The weathermen were, after all, not just scared of girls but totally indifferent to ballet, and how exactly Miko came to be spending her evenings on the roof-top of the building with one of them is unknown. She was far too wrapped up in her status a star in pointy shoes to pay attention to the outside world, let alone the gangly nerds who they occasionally had to share the elevator with, and Yoshi, like the rest of barometer wielders wouldn't have known where to start with sweet talking ballerinas.

It was a complete mystery to everyone, possibly even to them.

Strictly speaking there was nothing about this transaction that was against the rules, it was just deeply strange. They were rehearsing at the time for a new concert, ‘Sugar Plumb Fairies of Enchanted Blossom Orchard’ that had been written specifically for them by no less a figure than Enzo Suzuki, composer to the Imperial Court, and commissioned by the Emperor himself.

At the time he was a weedy little man who had a thin moustache that he waxed obsessively and particularly virulent strain of syphilis. School children were taught was he was an infallible descendent of the Sun God, although questions such as how a man descended from the creator of the universe had decreed the composition of no less than three ballet performances concerning sugar plumb fairies in two years and contracted syphilis, was never made entirely clear to them. What was known is that it was quite likely he would be at the performance and watching with interest.

In spite of the name, past experience had shown that life for Imperial Sugar Plumb fairies that didn't prepare properly was anything but sweet.
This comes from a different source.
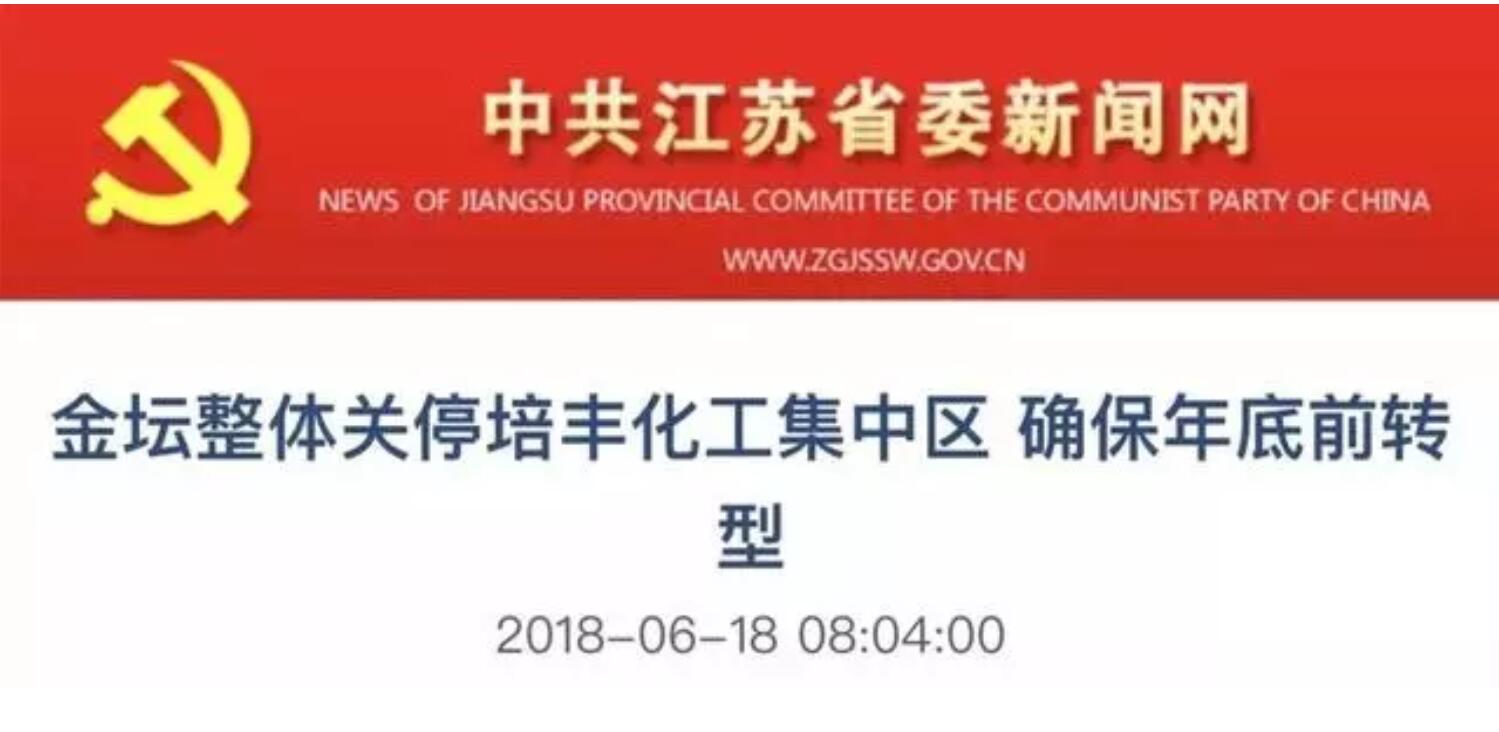 據(jù)當(dāng)?shù)毓俜矫襟w2018年報(bào)道顯示,常州市金壇區(qū)于2016年8月1日收到中央環(huán)境保護(hù)督察組交辦的環(huán)境信訪事項(xiàng)后,持續(xù)對園區(qū)企業(yè)進(jìn)行了提標(biāo)改造。作為2016年中央環(huán)保督察交辦的38個化工園區(qū)問題之一,因未能滿足500米衛(wèi)生防護(hù)距離內(nèi)居民全部拆遷的要求,區(qū)委、區(qū)政府決定從根源上消除環(huán)境隱患,結(jié)合將來的區(qū)域發(fā)展規(guī)劃,取消培豐化工集中區(qū)產(chǎn)業(yè)定位,按化工企業(yè)整治的要求,對所有企業(yè)實(shí)行關(guān)停。

At the height of the second act, when the fairies did battle with a swarm of devil toads from the vomitous swamp, unprepared dancers had been known to snap their tendons, or even more catastrophically, collide with one of the toads in in mid air. With her triumphant crowning as unquestioned junior princess and the honor of her appointment as Sugar Plumb fairy number one still fresh, it made no sense that Miko would start slacking off now. She knew, as did everyone, that after all those years of dreaming about it the next step really could be Paris.
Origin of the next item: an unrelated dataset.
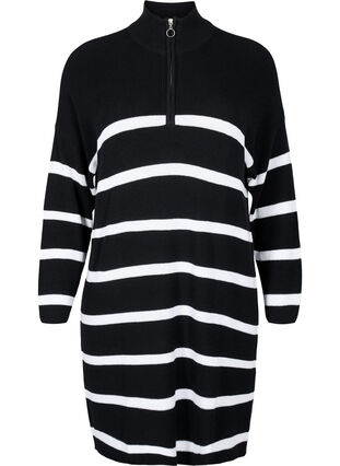 Stickad klänning med ränder och dragkedja

And yet, instead of turning up for the evening training session Miko started to going up to the roof to sit on the wooden bench underneath the wind speed gauge to look, with dilated pupils, closed ears and no sense at all of the hours flying past, at a pimple ridden weather balloon scientist called Yoshi.
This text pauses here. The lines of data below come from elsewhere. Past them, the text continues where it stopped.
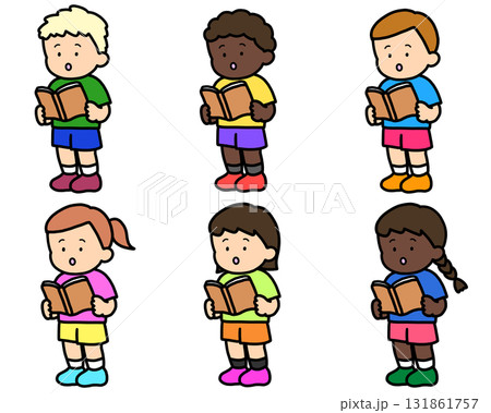 本を読む子どもたちのイラスト/読書・学習・教育素材
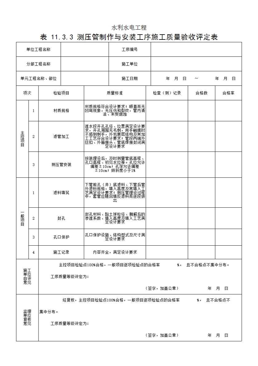 表格名称:表 11.3.3 测压管制作与安装工序施工质量验收评定表
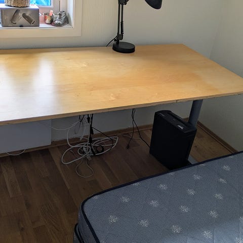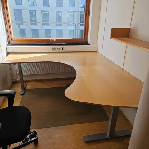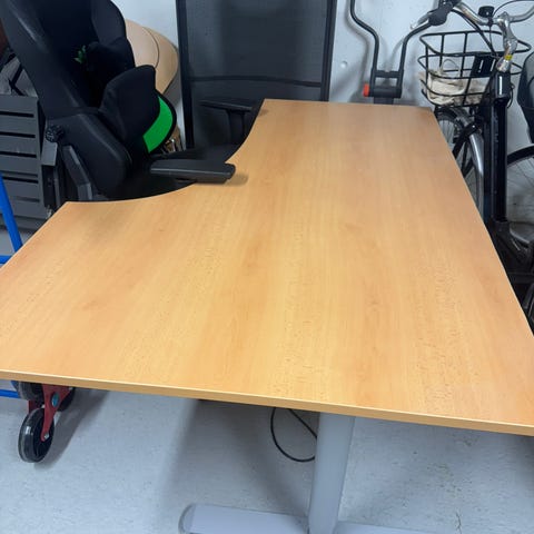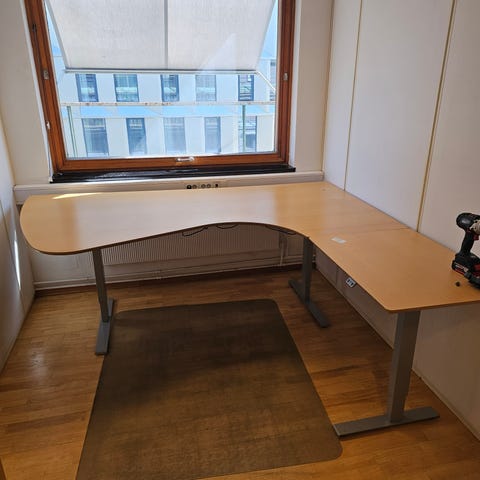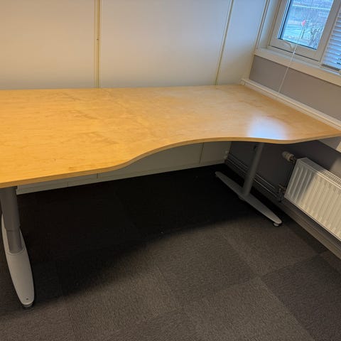 2 stk skrivebord gis bort til den som kan hente det først. Befinner seg i Rælingen. Mål er 160x80 cm,en den grå buede enden kan skrus av og da blir bordet 140x80 cm. Manuell hev/senk funksjon.

Yoshi, wasn't sure what Miko was doing there either, and if he had have realised that such a thing as an Imperial Sugar plum fairy even existed he probably would have encouraged her to go back downstairs and practice. Instead, suspecting that were he to stop speaking she would vanish as quickly and mysteriously as she had appeared, he instead prattled on for hours about what the shape of the ice creamy flecks of Cumulus they could see skimming over the North Eastern suburbs of Tokyo may or may not say about wind speeds high over the southern Philippines.

Although she would not admit it for many years, Miko wasn't really interested about the latest meteorological thought on high altitude winds. She was listening only because, without really knowing why, she liked the sound of his voice.

Once, feeling the need for a diversion as he fearfully stretched out an arm and brushed it lightly against Miko's shoulders, he had in fact murmured something inarticulate about how some people said that the formation of clouds was nature's greatest ballet, and without really meaning to sparked off in Miko something that is probably best described as a form of temporary insanity. This man, she concluded, was nothing less than perfect- a sensitive angelic figure with the soul of a poet who she loved absolutely and in a way which would make absolutely everything OK forever.

From somewhere below the dusty thump of the Miko's class mates practising to be Sugar Plum Fairies and the tinkle of the piano kicked up through stair well. She knew that if she kept on skipping rehearsals she was going to miss out on the concert, but after a week of sitting together on the roof Yoshi had got up the nerve to put his hand comfortingly around her shoulder, and it no longer seemed to matter.